» SOURCE INFORMATION
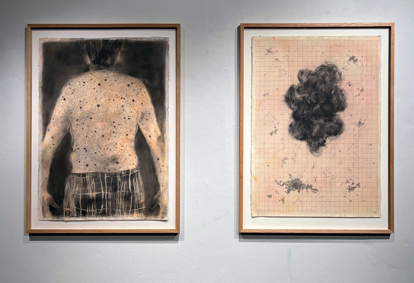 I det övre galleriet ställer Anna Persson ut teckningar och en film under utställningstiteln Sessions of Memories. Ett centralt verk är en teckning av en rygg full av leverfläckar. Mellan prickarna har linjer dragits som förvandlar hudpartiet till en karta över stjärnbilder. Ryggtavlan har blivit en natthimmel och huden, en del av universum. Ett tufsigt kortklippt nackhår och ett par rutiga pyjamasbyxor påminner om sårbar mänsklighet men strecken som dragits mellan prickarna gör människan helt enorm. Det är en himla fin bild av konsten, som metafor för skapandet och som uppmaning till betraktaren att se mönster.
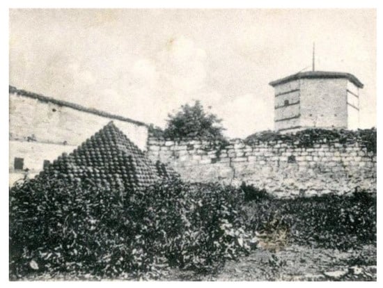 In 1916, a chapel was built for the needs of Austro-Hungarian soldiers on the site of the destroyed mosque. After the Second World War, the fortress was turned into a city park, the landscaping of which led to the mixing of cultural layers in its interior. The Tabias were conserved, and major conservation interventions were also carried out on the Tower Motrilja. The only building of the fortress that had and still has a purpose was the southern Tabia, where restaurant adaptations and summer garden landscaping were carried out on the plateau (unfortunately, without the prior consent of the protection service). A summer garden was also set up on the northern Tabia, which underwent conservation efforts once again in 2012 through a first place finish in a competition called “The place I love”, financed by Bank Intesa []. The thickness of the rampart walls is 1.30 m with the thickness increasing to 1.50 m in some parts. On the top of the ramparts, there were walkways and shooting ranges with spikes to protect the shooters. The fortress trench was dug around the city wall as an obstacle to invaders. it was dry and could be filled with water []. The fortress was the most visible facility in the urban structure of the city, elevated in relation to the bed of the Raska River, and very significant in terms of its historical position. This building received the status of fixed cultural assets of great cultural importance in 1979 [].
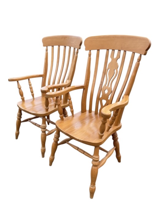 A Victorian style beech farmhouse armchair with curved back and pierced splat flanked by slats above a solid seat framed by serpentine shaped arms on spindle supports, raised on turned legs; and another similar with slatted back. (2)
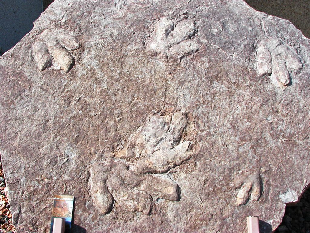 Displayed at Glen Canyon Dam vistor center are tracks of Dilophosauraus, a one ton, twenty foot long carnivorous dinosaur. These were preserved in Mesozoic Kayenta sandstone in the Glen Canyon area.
---
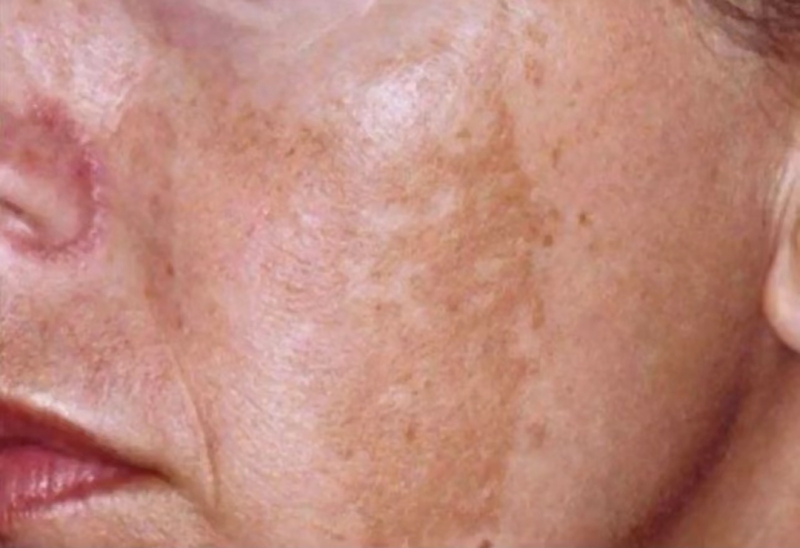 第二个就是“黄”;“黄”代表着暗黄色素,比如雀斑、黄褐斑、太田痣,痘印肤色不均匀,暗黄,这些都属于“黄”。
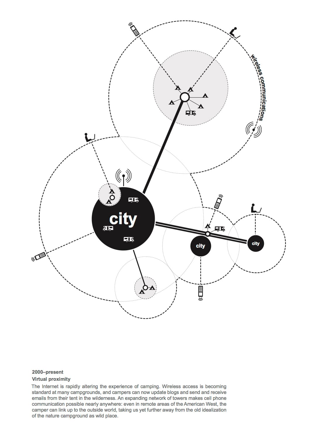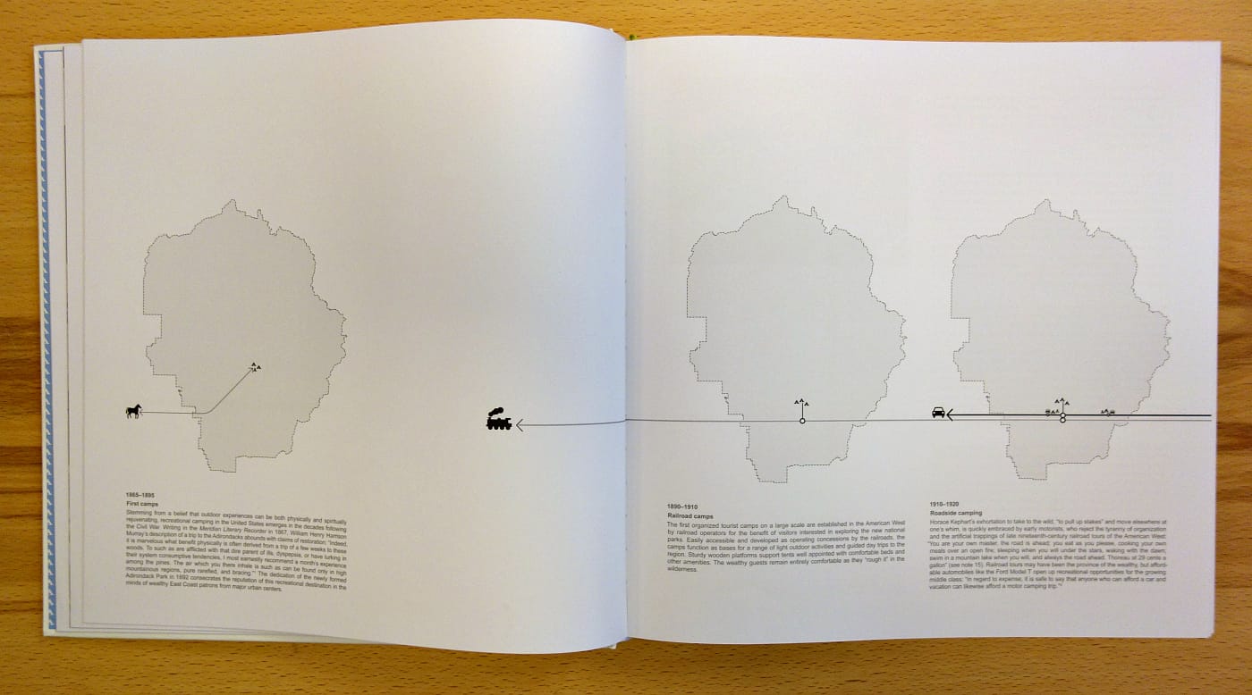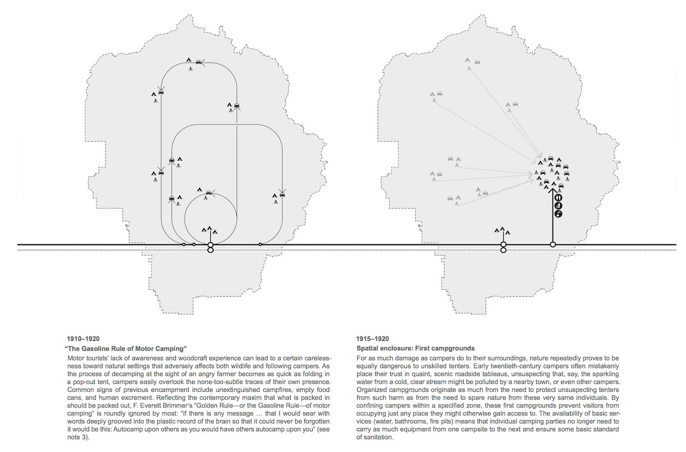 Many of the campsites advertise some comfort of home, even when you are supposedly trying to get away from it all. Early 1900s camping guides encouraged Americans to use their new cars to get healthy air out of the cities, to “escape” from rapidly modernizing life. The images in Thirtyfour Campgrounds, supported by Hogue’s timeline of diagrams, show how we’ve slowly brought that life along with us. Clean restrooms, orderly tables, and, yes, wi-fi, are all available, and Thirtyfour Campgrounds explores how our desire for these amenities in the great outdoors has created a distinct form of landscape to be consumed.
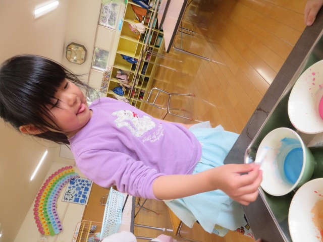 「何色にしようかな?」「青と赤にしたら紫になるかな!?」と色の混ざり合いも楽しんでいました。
==
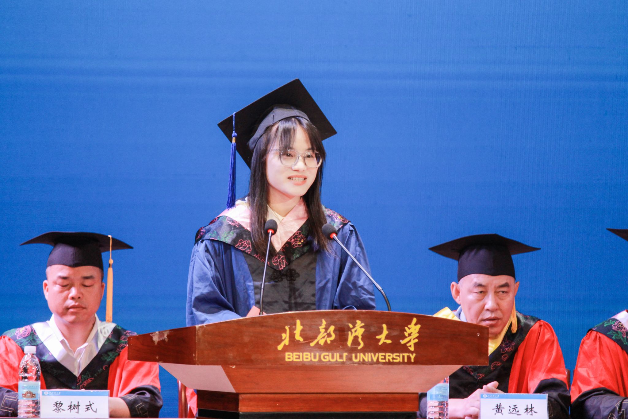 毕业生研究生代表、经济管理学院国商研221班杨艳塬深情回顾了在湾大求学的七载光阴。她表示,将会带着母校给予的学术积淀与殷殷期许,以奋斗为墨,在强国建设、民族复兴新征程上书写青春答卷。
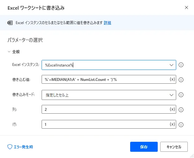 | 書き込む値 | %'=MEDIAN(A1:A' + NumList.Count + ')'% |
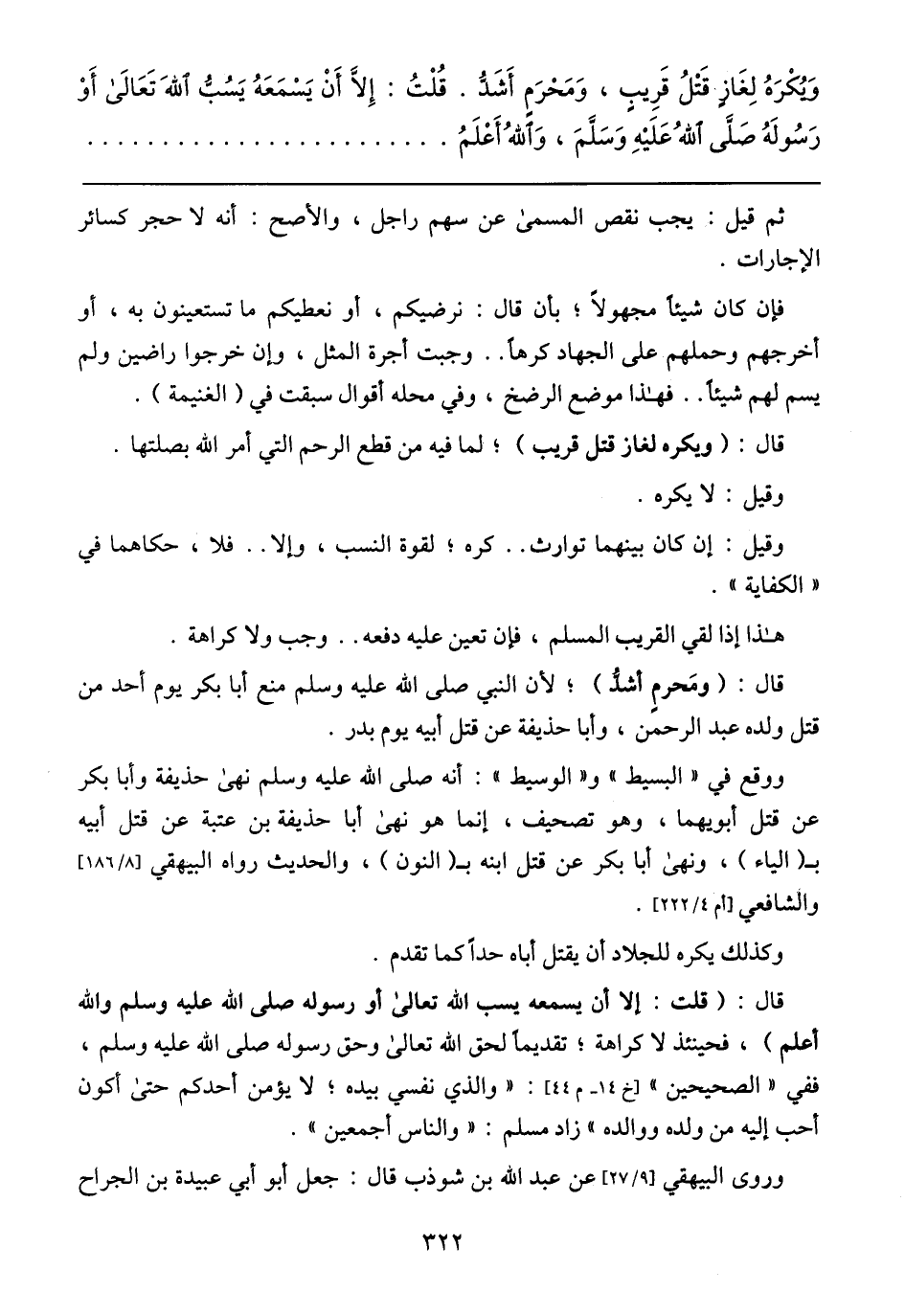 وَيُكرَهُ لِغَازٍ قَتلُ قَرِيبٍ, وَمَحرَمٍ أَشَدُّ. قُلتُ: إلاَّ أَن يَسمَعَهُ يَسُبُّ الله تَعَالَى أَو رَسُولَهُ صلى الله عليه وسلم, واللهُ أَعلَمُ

» WHAT THE EXERCISE ASKS
Pictures excluded, reproduce only the part above that opens with the line holding "NumList.Count + ')'% |" and closes with the line holding "وَيُكرَهُ لِغَازٍ قَتلُ", exactly as written.

» COMPLETED EXERCISE
 | 書き込む値 | %'=MEDIAN(A1:A' + NumList.Count + ')'% |
 وَيُكرَهُ لِغَازٍ قَتلُ قَرِيبٍ, وَمَحرَمٍ أَشَدُّ. قُلتُ: إلاَّ أَن يَسمَعَهُ يَسُبُّ الله تَعَالَى أَو رَسُولَهُ صلى الله عليه وسلم, واللهُ أَعلَمُ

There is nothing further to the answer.